Records from a data collection:
>>>
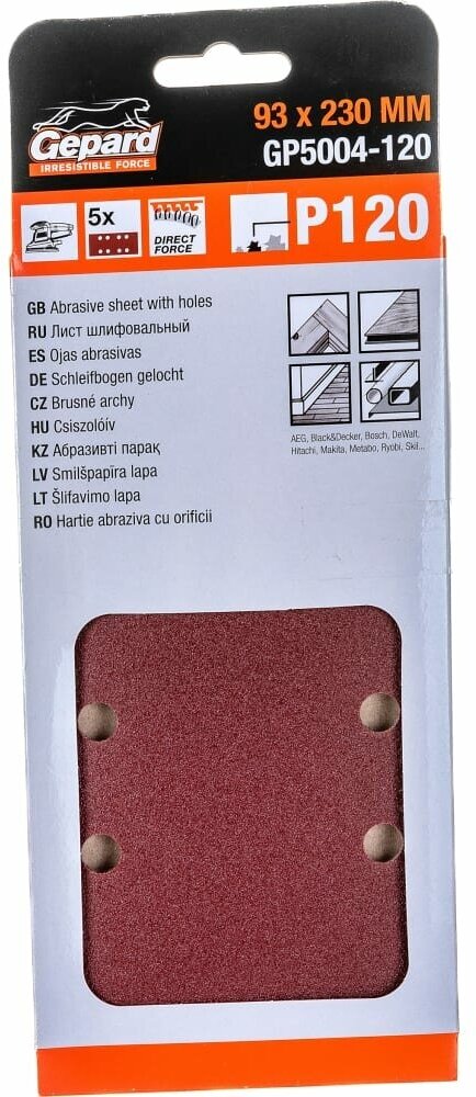 Шлифлист GEPARD (GP5004-120) самосцепляющийся 93х230 мм Р120 5 штук информация:
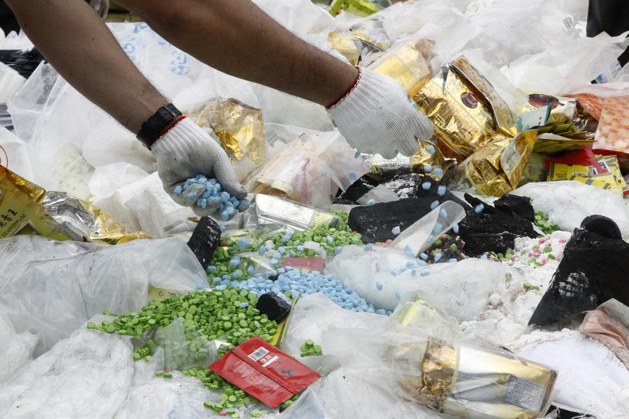 (แฟ้มภาพซินหัว : ยาเสพติดผิดกฎหมายที่จับยึดได้ในพิธีทำลายที่กรุงพนมเปญของกัมพูชา วันที่ 28 มิ.ย. 2023)
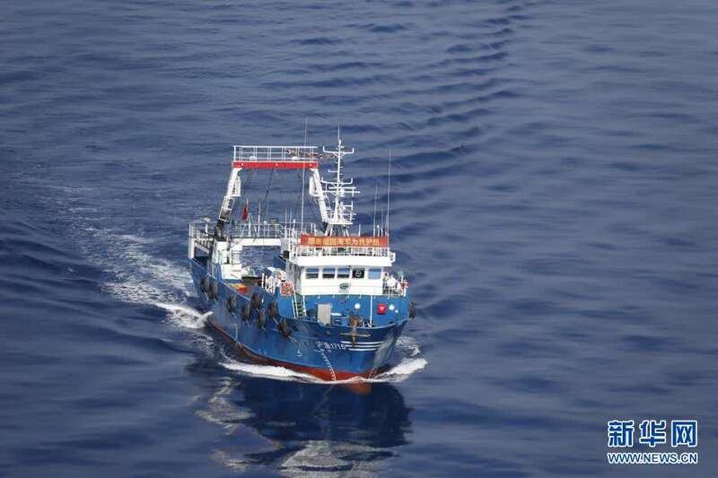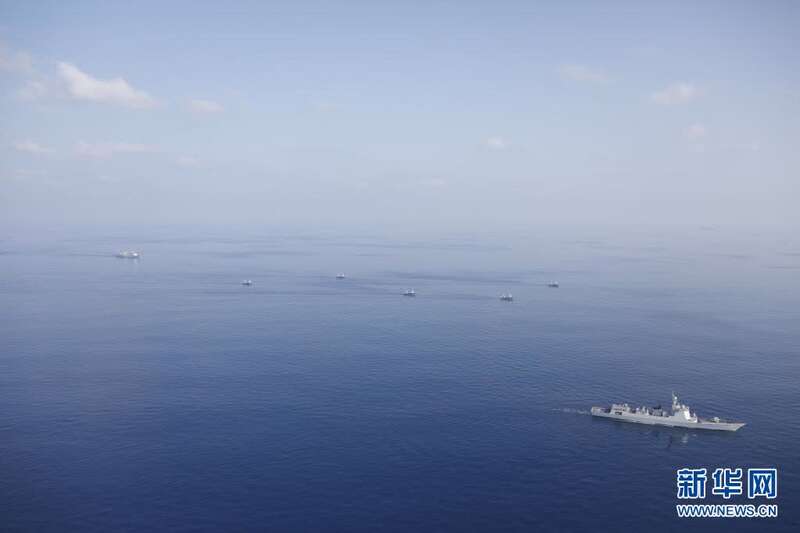 中国海军第37批护航编队在亚丁湾海域为中国“沪渔1715”船队伴随护航(4月23日摄)。新华社发(王健 摄)
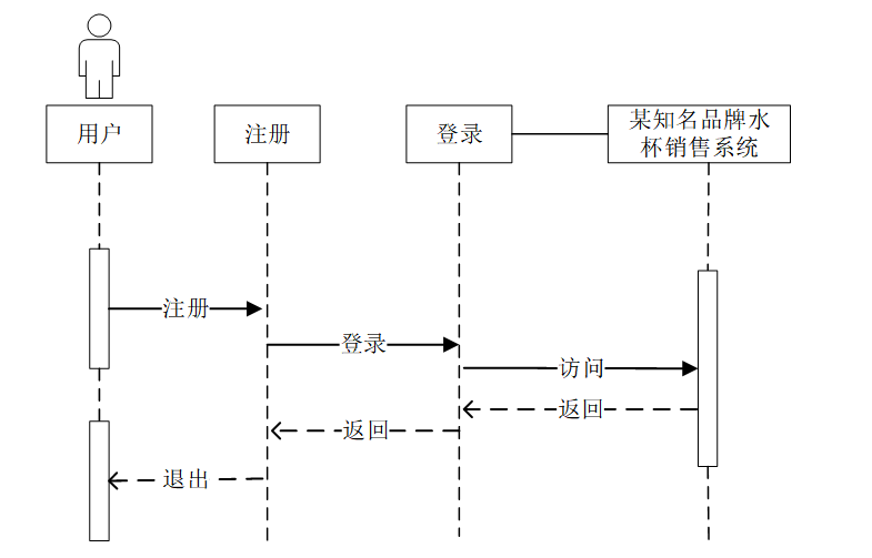 用户通过注册模块发送注册请求,系统完成注册后返回确认信息。随后,用户通过登录模块发送登录请求,系统验证用户信息后允许访问目标系统。用户完成操作后可选择退出,系统终止会话。注册时序图,如图4-3所示。
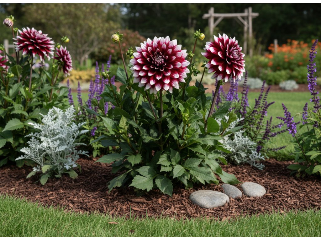 Georgína (Dahlia) Mystery day prináša svojimi dvojitými kvetmi s tmavo vínovými okvetnými lístkami s bielymi okrajmi magický zážitok pre každého obdivovateľa. Kvety dorastajú do priemeru až 25 vm a majú mierne zaoblené okraje okvetných lístkov.
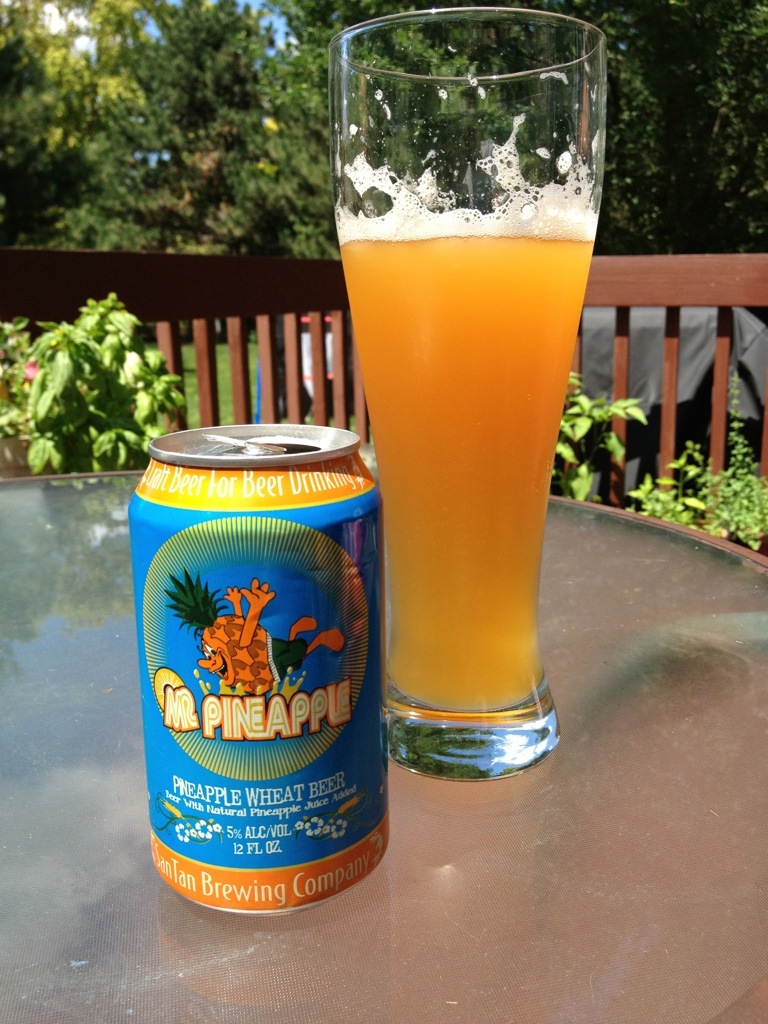 The can says, “Mr. Pineapple was conceived for SanTan Brewing Company’s annual luau day. Fresh pineapple juice is added to a traditional wheat beer during fermentation to add a refreshing tropical flavor to this fruity ale. The pineapple is balanced with a firm malt character and a slightly spiced hint of clove. Mr. Pineapple is the perfect way to beat the Heat on a warm summer day!”
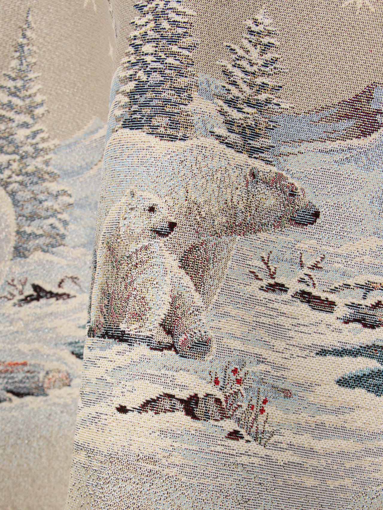 Рисунок создается переплетением нитей различных цветов и фактуры. Состав ткани: хлопок ( дающий фактуру и приятную тактильность ) и синтетические нити ( придающие износостойкость ). Плотность гобелена 410 г на кв.метр.
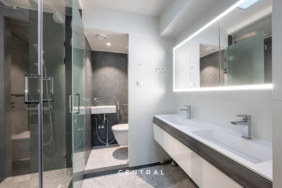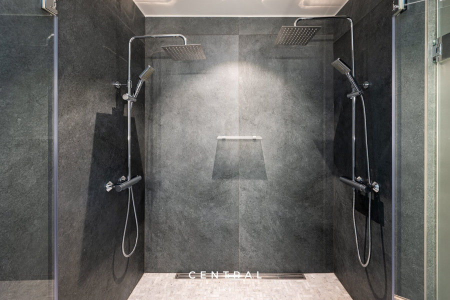 | Kylpyhuoneen kuvaus | Yläkerrassa master bedroomin yhteydessä kph/wc ja alakerrassa sauna/uima-allasosaston yhteydessä iso kph. Alakerran tilava kylpyhuonetila avautuu uima-allasosastolle, 2 suihkua. Alakerran tiloja voisi kuvailla tasokaaksi kylpylä-alueeksi |
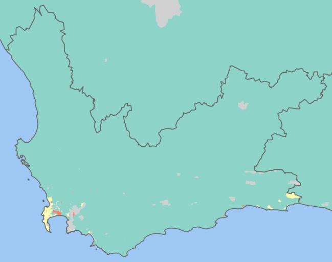 Keywords: Western Cape 2001 dominant language map.svg 8dd3c7 Afrikaans ffffb3 English fb8072 isiXhosa d0d0d0 No language dominant Statistics South Africa's Census 2001 is the source of the basic population data The map results from my own processing of the data Htonl 2010-02-10 Htonl The following license applies to the population data on which the map is based http //www statssa gov za/copyrightdisclaimer asp the user acknowledges Stats SA as the source of the basic data wherever they process apply utilise publish or distribute the data and also that they specify that the relevant application and analysis where applicable result from their own processing of the data The following tag applies to the map itself Linguistic maps of South Africa Maps of the Western Cape Maps by Htonl |
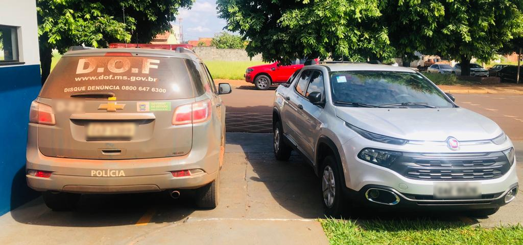 Maracaju (MS), 14 de abril – Policiais do Departamento de Operações de Fronteira (DOF) recuperaram, na manhã de hoje, o veículo Fiat Toro, de cor prata, tomado em assalta na noite anterior em Campo grande (MS). A ação ocorreu em virtude da Operação
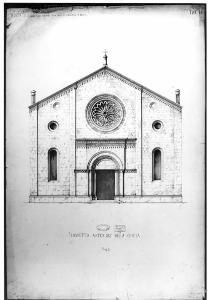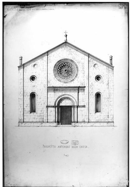 Progetto di restauro per la chiesa di San Francesco a Brescia. Realizzata su carta pesante. Prospetto della facciata. Fronte della chiesa con tetto a capanna. Portale centrale con fascia di archetti al di sopra. Ai lati del portale due alte monofore a tutto sesto e al di sopra due oculi sormontati da altri due oculi ciechi. Rivestimento in pietra a vista.
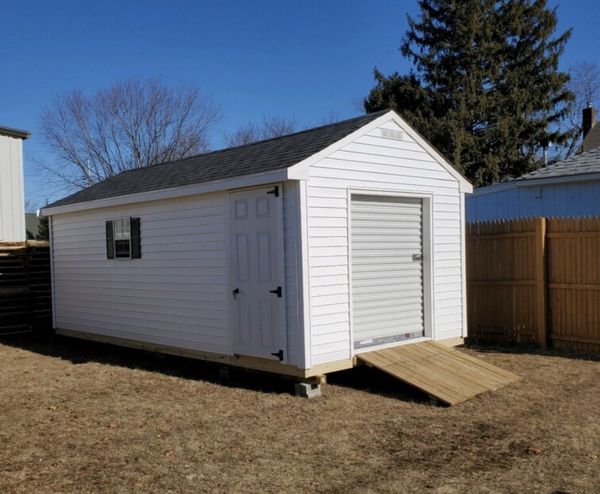 New 10' x 20' White Vinyl A Frame Shed with 5' Wide Rollup Garage Door for Sale in Rehoboth, MA ...
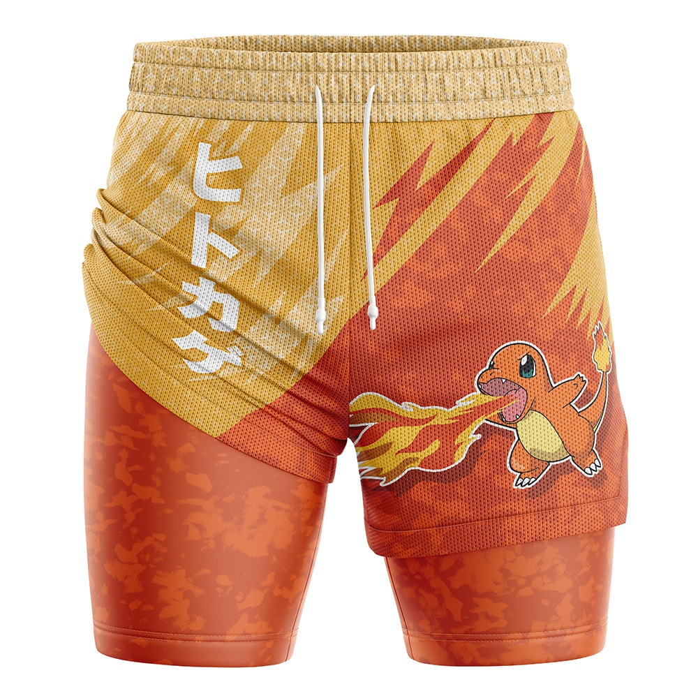Charmander Attack V1 Pokemon Compression Workout Training Shorts (2-in-1)
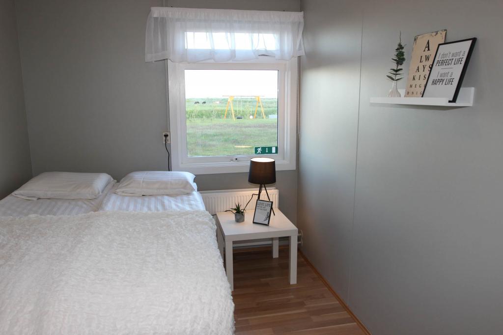 Das Katla Apartment ist eine familienfreundliche Unterkunft mit zwei Schlafzimmern, einem Badezimmer und einem offenen Wohnbereich. Das Hauptschlafzimmer verfügt über ein Queensize-Bett und ein Einzelbett, während das zweite Zimmer über ein Queensize-Bett verfügt.
<<<
From the line with "Maracaju (MS), 14" up to and including the line with "Progetto di restauro" above, retype every line exactly and nothing more; leave out the pictures.

 Maracaju (MS), 14 de abril – Policiais do Departamento de Operações de Fronteira (DOF) recuperaram, na manhã de hoje, o veículo Fiat Toro, de cor prata, tomado em assalta na noite anterior em Campo grande (MS). A ação ocorreu em virtude da Operação
 Progetto di restauro per la chiesa di San Francesco a Brescia. Realizzata su carta pesante. Prospetto della facciata. Fronte della chiesa con tetto a capanna. Portale centrale con fascia di archetti al di sopra. Ai lati del portale due alte monofore a tutto sesto e al di sopra due oculi sormontati da altri due oculi ciechi. Rivestimento in pietra a vista.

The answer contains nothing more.